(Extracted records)
-- Opening Marker --

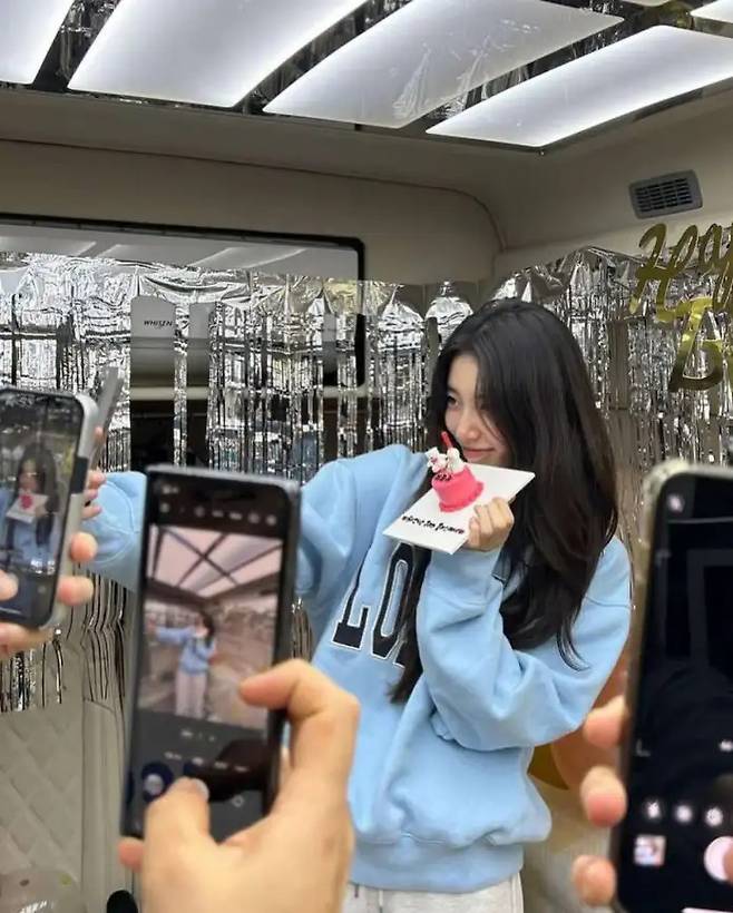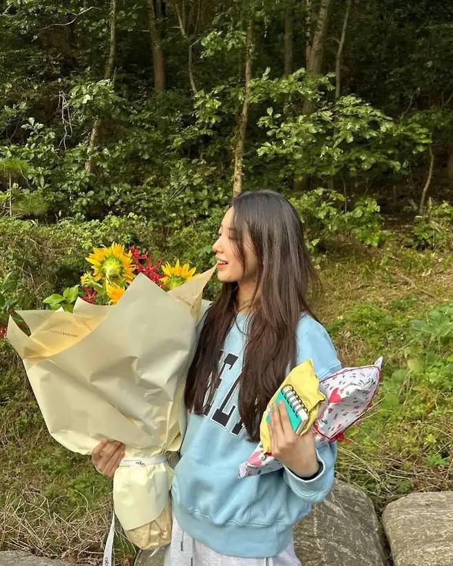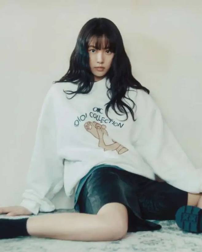 먼저 첫 번째 주인공은 수지다. 그는 하늘색 맨투맨을 넉넉한 핏으로 걸쳐 편안한 느낌을 줬다. 어깨선이 자연스럽게 떨어지고 소매와 밑단 시보리가 부드럽게 잡혀 전체적으로 둥근 형태가 만들어진다.
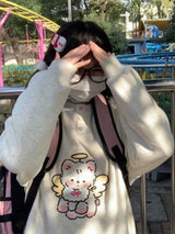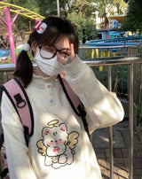• Adorable embroidered design – A fluffy white kitten with angel wings, a halo, and a tiny pink bow makes this cute sweater an instant favorite.
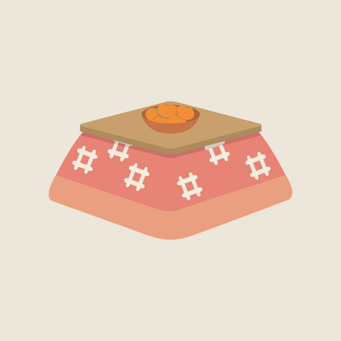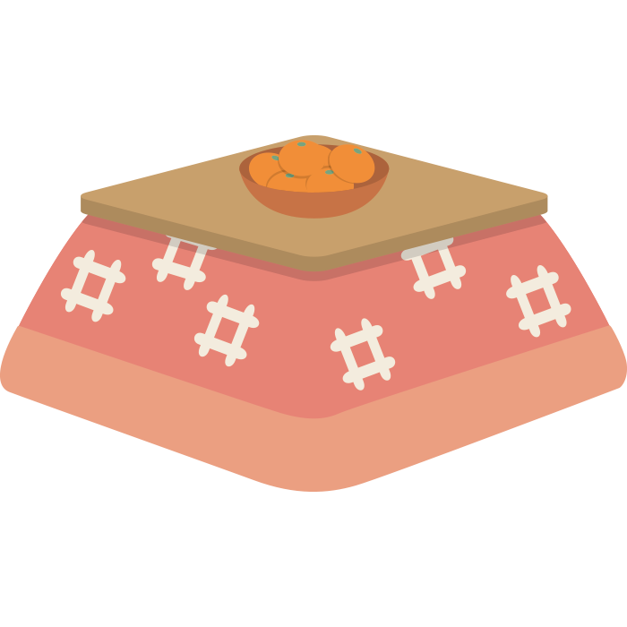 こたつとみかんの可愛くてシンプルなイラスト素材です
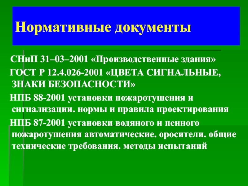 НПБ 87-2001 установки водяного и пенного пожаротушения автоматические. оросители. общие технические требования. методы испытаний
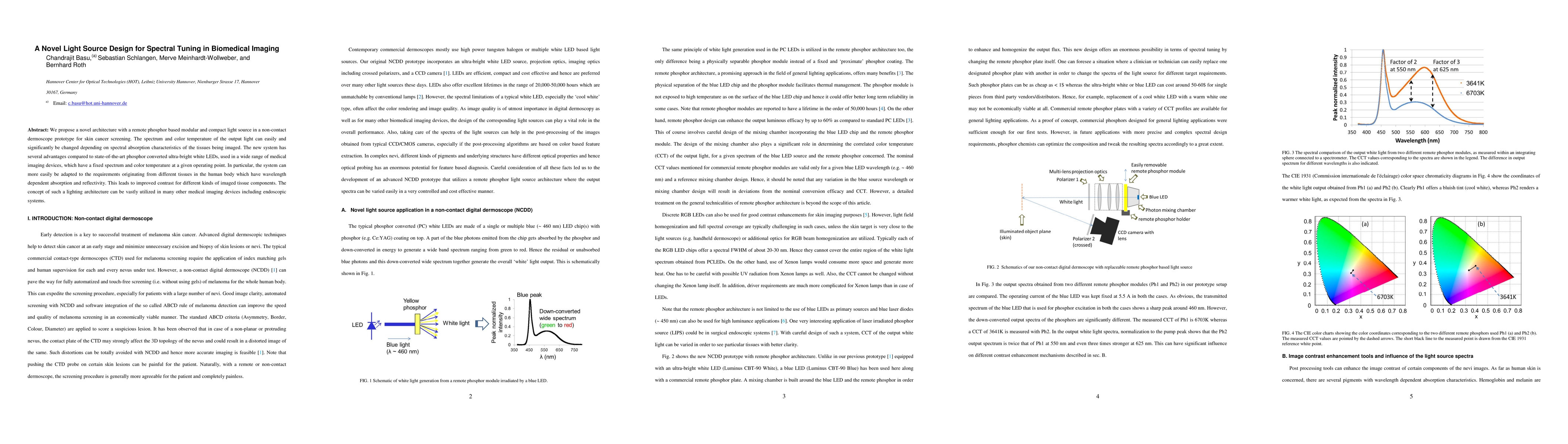 We propose a novel architecture with a remote phosphor based modular and compact light source in a non-contact dermoscope prototype for skin cancer screening. The spectrum and color temperature of the output light can easily and significantly be changed depending on spectral absorption characteristics of the tissues being imaged. The new system has several advantages compared to state-of-the-art phosphor converted ultra-bright white LEDs, used in a wide range of medical imaging devices, which have a fixed spectrum and color temperature at a given operating point. In particular, the system can more easily be adapted to the requirements originating from different tissues in the human body which have wavelength dependent absorption and reflectivity. This leads to improved contrast for different kinds of imaged tissue components. The concept of such a lighting architecture can be vastly utilized in many other medical imaging devices including endoscopic systems.
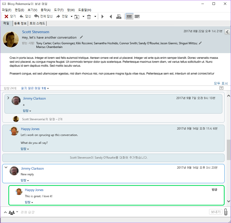 대화의 새 응답에는 녹색 테두리가 있습니다. 메시지를 읽은 후 3분 동안 녹색으로 유지됩니다. 항목 옆에 있는 읽지 않은 녹색 숫자를 마우스 오른쪽 버튼으로 클릭하여 항목 목록의 항목에서 읽지 않은 항목을 지울 수 있습니다.
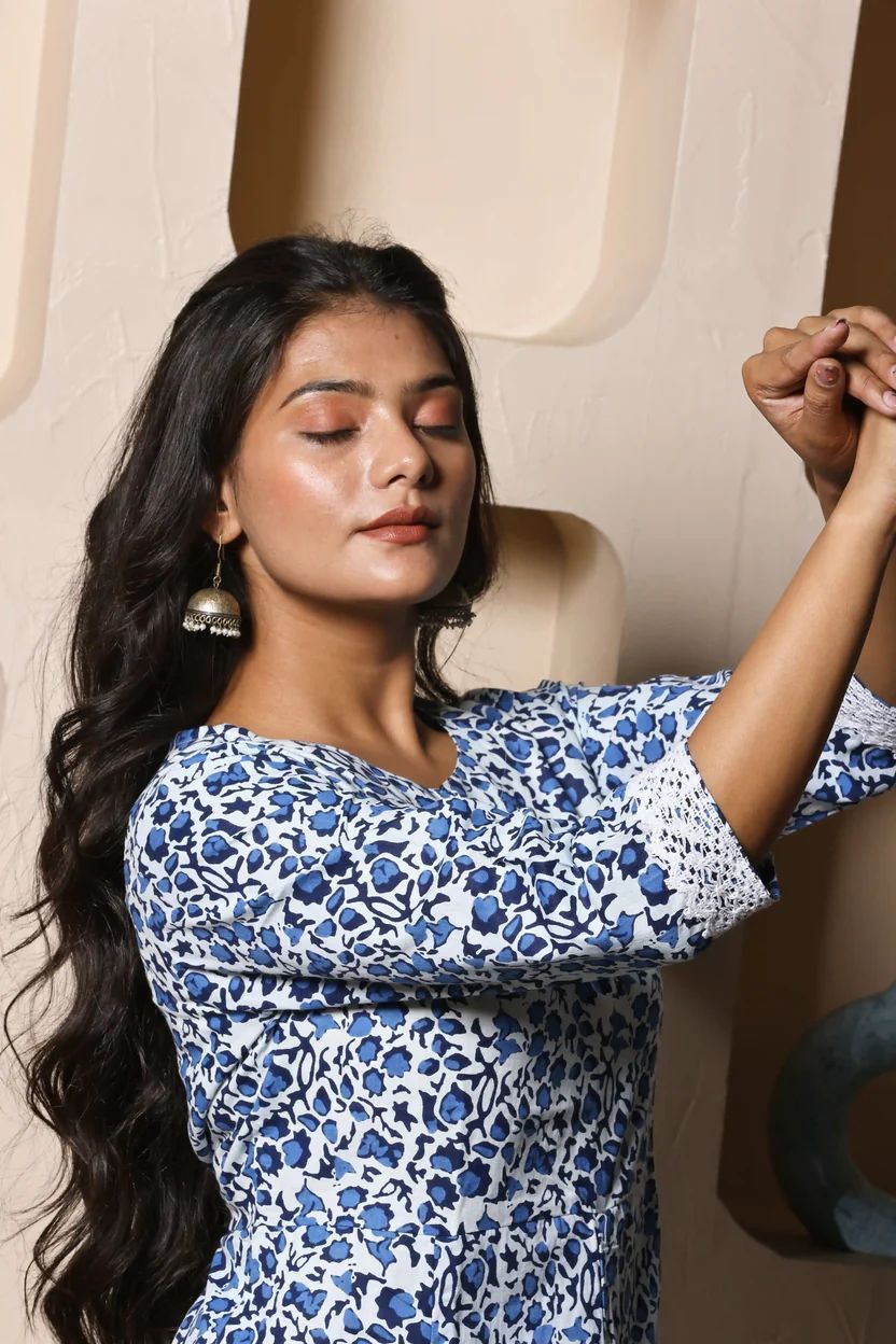 | Color | Ivory With Blue Floral Print |
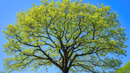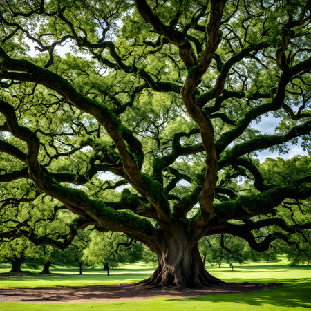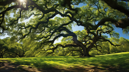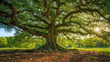 A stunning display of an ancient tree with expansive branches and vibrant green leaves. The serene atmosphere captures the essence of nature's beauty and tranquility.
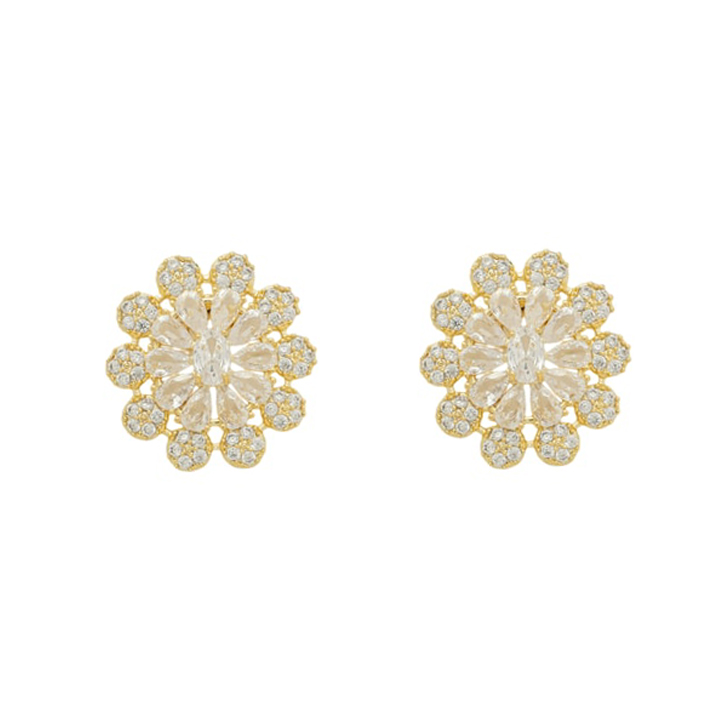 Brinco flor cravejada de pedras 1,0mm zircônia, medindo 2,5x2,1cm BANHO DE OURO
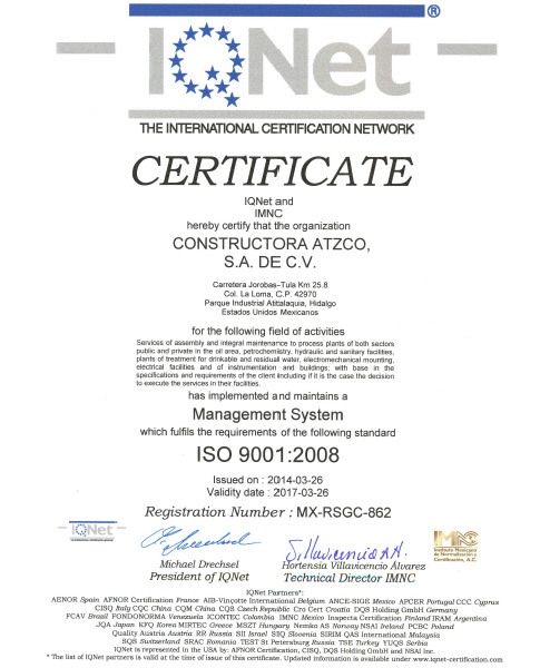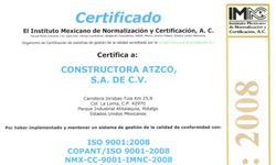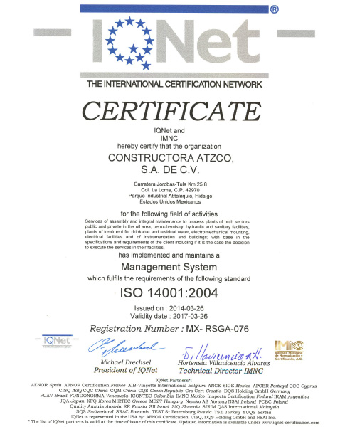 Constructora Atzco estamos conscientes de que la Calidad, la Seguridad y la Salud laboral de nuestros trabajadores así como el respeto al Ambiente, son requisitos cuyo compromiso y cumplimiento debe ser una labor permanente en todas las actividades que llevamos a cabo.
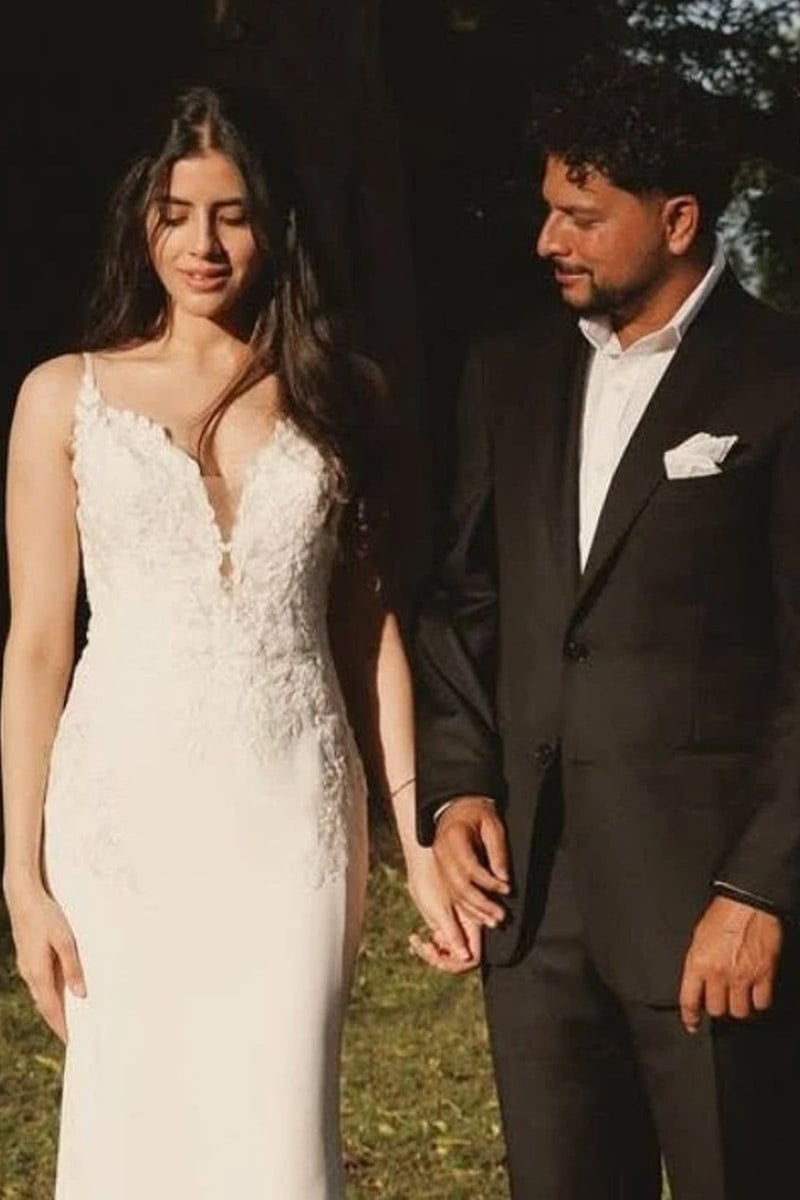 জীবনের নতুন অধ্যায় শুরু করেছেন টিম ইন্ডিয়ার তারকা স্পিনার কুলদীপ যাদব। শনিবার দীর্ঘদিনের বান্ধবী বংশিকা চাড্ডার সঙ্গে উত্তরাখণ্ডের অন্যতম জনপ্রিয় শৈলশহর মুসৌরিতে বিবাহবন্ধনে আবদ্ধ হয়েছে কেডি। এরপরেই চায়নাম্যান বোলারের স্ত্রী বংশিকা চাড্ডাকে নিয়ে সোশাল মিডিয়ায় আগ্রহ তৈরি হয়েছে। কী করেন তিনি? তাঁর লাইফস্টাইল, শিক্ষাগত এবং পেশাগত জীবন নিয়েও চলছে আলোচনা। ছবি কুলদীপ যাদবের ইনস্টাগ্রাম।

-- Closing Marker --

■ YOUR OBJECTIVE
Exactly repeat the data above; the pictures do not belong in your copy.

■ SOLVED PROBLEM
 먼저 첫 번째 주인공은 수지다. 그는 하늘색 맨투맨을 넉넉한 핏으로 걸쳐 편안한 느낌을 줬다. 어깨선이 자연스럽게 떨어지고 소매와 밑단 시보리가 부드럽게 잡혀 전체적으로 둥근 형태가 만들어진다.
• Adorable embroidered design – A fluffy white kitten with angel wings, a halo, and a tiny pink bow makes this cute sweater an instant favorite.
 こたつとみかんの可愛くてシンプルなイラスト素材です
 НПБ 87-2001 установки водяного и пенного пожаротушения автоматические. оросители. общие технические требования. методы испытаний
 We propose a novel architecture with a remote phosphor based modular and compact light source in a non-contact dermoscope prototype for skin cancer screening. The spectrum and color temperature of the output light can easily and significantly be changed depending on spectral absorption characteristics of the tissues being imaged. The new system has several advantages compared to state-of-the-art phosphor converted ultra-bright white LEDs, used in a wide range of medical imaging devices, which have a fixed spectrum and color temperature at a given operating point. In particular, the system can more easily be adapted to the requirements originating from different tissues in the human body which have wavelength dependent absorption and reflectivity. This leads to improved contrast for different kinds of imaged tissue components. The concept of such a lighting architecture can be vastly utilized in many other medical imaging devices including endoscopic systems.
 대화의 새 응답에는 녹색 테두리가 있습니다. 메시지를 읽은 후 3분 동안 녹색으로 유지됩니다. 항목 옆에 있는 읽지 않은 녹색 숫자를 마우스 오른쪽 버튼으로 클릭하여 항목 목록의 항목에서 읽지 않은 항목을 지울 수 있습니다.
 | Color | Ivory With Blue Floral Print |
 A stunning display of an ancient tree with expansive branches and vibrant green leaves. The serene atmosphere captures the essence of nature's beauty and tranquility.
 Brinco flor cravejada de pedras 1,0mm zircônia, medindo 2,5x2,1cm BANHO DE OURO
 Constructora Atzco estamos conscientes de que la Calidad, la Seguridad y la Salud laboral de nuestros trabajadores así como el respeto al Ambiente, son requisitos cuyo compromiso y cumplimiento debe ser una labor permanente en todas las actividades que llevamos a cabo.
 জীবনের নতুন অধ্যায় শুরু করেছেন টিম ইন্ডিয়ার তারকা স্পিনার কুলদীপ যাদব। শনিবার দীর্ঘদিনের বান্ধবী বংশিকা চাড্ডার সঙ্গে উত্তরাখণ্ডের অন্যতম জনপ্রিয় শৈলশহর মুসৌরিতে বিবাহবন্ধনে আবদ্ধ হয়েছে কেডি। এরপরেই চায়নাম্যান বোলারের স্ত্রী বংশিকা চাড্ডাকে নিয়ে সোশাল মিডিয়ায় আগ্রহ তৈরি হয়েছে। কী করেন তিনি? তাঁর লাইফস্টাইল, শিক্ষাগত এবং পেশাগত জীবন নিয়েও চলছে আলোচনা। ছবি কুলদীপ যাদবের ইনস্টাগ্রাম।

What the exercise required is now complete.